__Data provided__.
····················

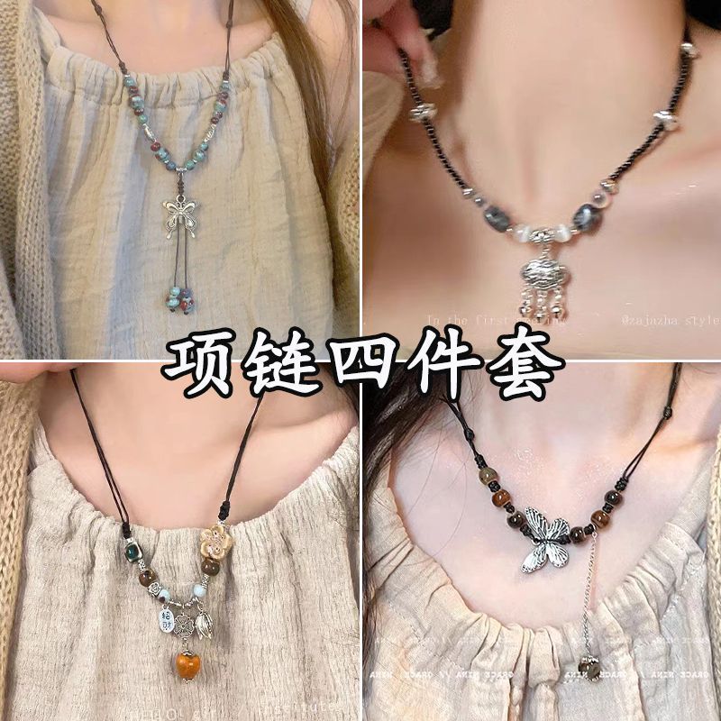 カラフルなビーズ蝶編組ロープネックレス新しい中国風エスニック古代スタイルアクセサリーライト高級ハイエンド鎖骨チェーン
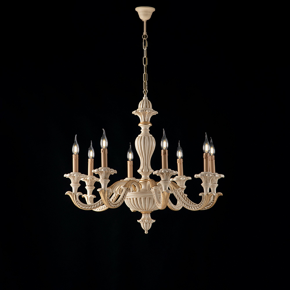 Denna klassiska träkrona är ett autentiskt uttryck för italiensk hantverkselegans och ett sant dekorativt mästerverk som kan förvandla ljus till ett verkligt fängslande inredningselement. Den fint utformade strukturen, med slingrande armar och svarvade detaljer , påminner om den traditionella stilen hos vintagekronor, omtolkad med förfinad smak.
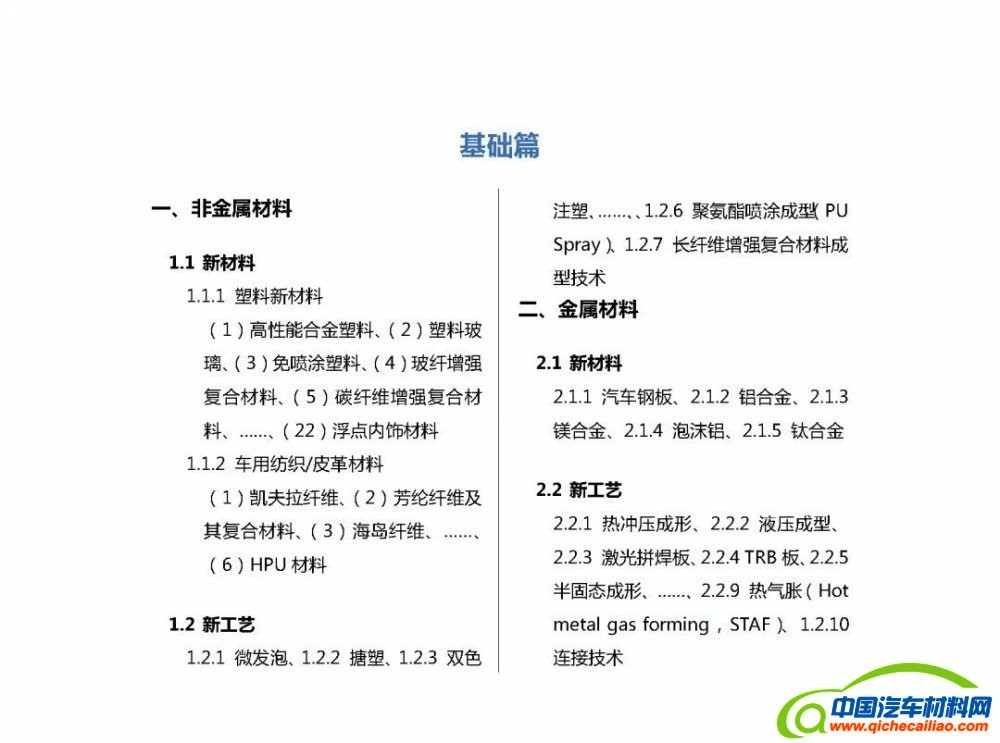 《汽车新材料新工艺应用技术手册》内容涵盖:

····················

__Task item__. The material above should be returned exactly, without pictures.

__Response below__.
 カラフルなビーズ蝶編組ロープネックレス新しい中国風エスニック古代スタイルアクセサリーライト高級ハイエンド鎖骨チェーン
 Denna klassiska träkrona är ett autentiskt uttryck för italiensk hantverkselegans och ett sant dekorativt mästerverk som kan förvandla ljus till ett verkligt fängslande inredningselement. Den fint utformade strukturen, med slingrande armar och svarvade detaljer , påminner om den traditionella stilen hos vintagekronor, omtolkad med förfinad smak.
 《汽车新材料新工艺应用技术手册》内容涵盖:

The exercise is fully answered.